▸ **Work order**: Please return the full listing exactly as written, with the images removed.

▸ **Data excerpt**:
▬▬▬▬▬▬

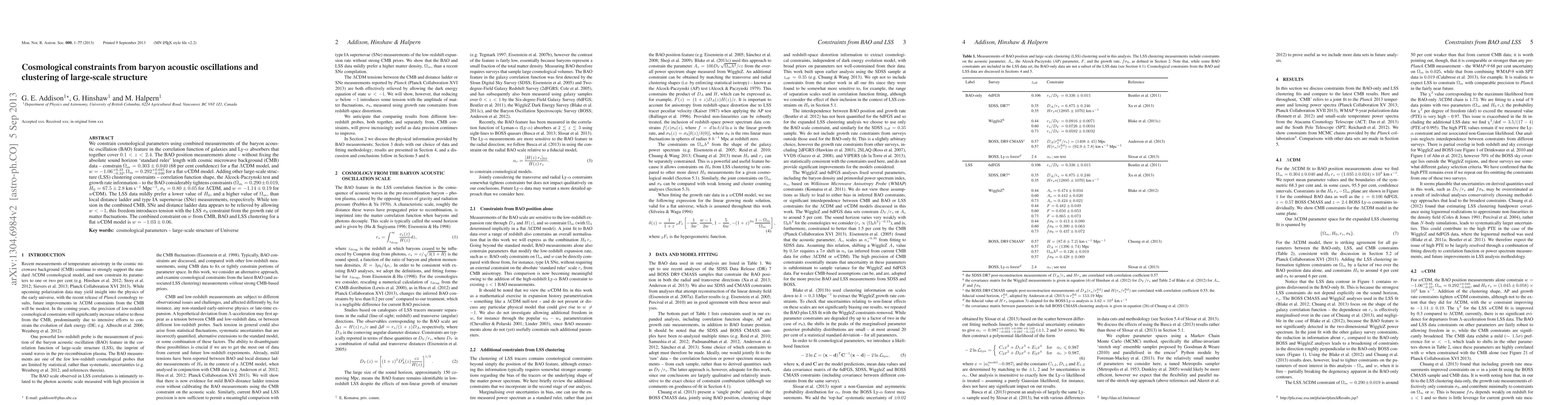 This paper uses baryon acoustic oscillation (BAO) measurements and large-scale structure (LSS) clustering to constrain cosmological parameters, finding Ω_m = 0.290 ± 0.019 and H_0 = 67.5 ± 2.8 km s^{-1} Mpc^{-1} for a ΛCDM model. The study reveals mild tension between LSS data and local measurements, and while allowing for w < -1 alleviates some CMB-SNe-distance ladder tensions, it introduces conflict with LSS growth rate constraints.
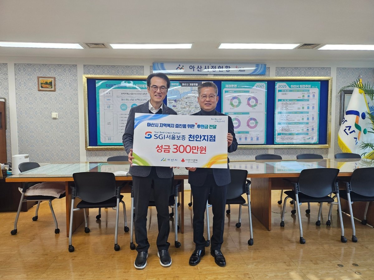 [금요저널] 아산시는 SGI서울보증 천안지점이 24일 지역사회 사회복지시설 지원을 위한 성금 300만 원을 전달했다고 밝혔다.
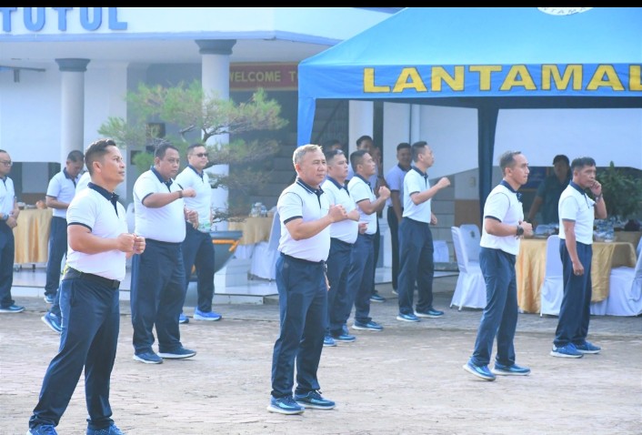 TNI AL, Belawan,Swaranusa7.com-Komandan Pangkalan Utama TNI AL I (Danlantamal I) Brigjen TNI (Mar) Jasiman Purba, S.E., CHRMP., melaksanakan olahraga bersama dengan Prajurit Satuan Kapal Patroli (Satrol) Lantamal I, bertempat di Lapangan Apel Satrol Lantamal I, Jumat (9/5/2025).

▬▬▬▬▬▬

▸ **Written answer**:
 This paper uses baryon acoustic oscillation (BAO) measurements and large-scale structure (LSS) clustering to constrain cosmological parameters, finding Ω_m = 0.290 ± 0.019 and H_0 = 67.5 ± 2.8 km s^{-1} Mpc^{-1} for a ΛCDM model. The study reveals mild tension between LSS data and local measurements, and while allowing for w < -1 alleviates some CMB-SNe-distance ladder tensions, it introduces conflict with LSS growth rate constraints.
 [금요저널] 아산시는 SGI서울보증 천안지점이 24일 지역사회 사회복지시설 지원을 위한 성금 300만 원을 전달했다고 밝혔다.
 TNI AL, Belawan,Swaranusa7.com-Komandan Pangkalan Utama TNI AL I (Danlantamal I) Brigjen TNI (Mar) Jasiman Purba, S.E., CHRMP., melaksanakan olahraga bersama dengan Prajurit Satuan Kapal Patroli (Satrol) Lantamal I, bertempat di Lapangan Apel Satrol Lantamal I, Jumat (9/5/2025).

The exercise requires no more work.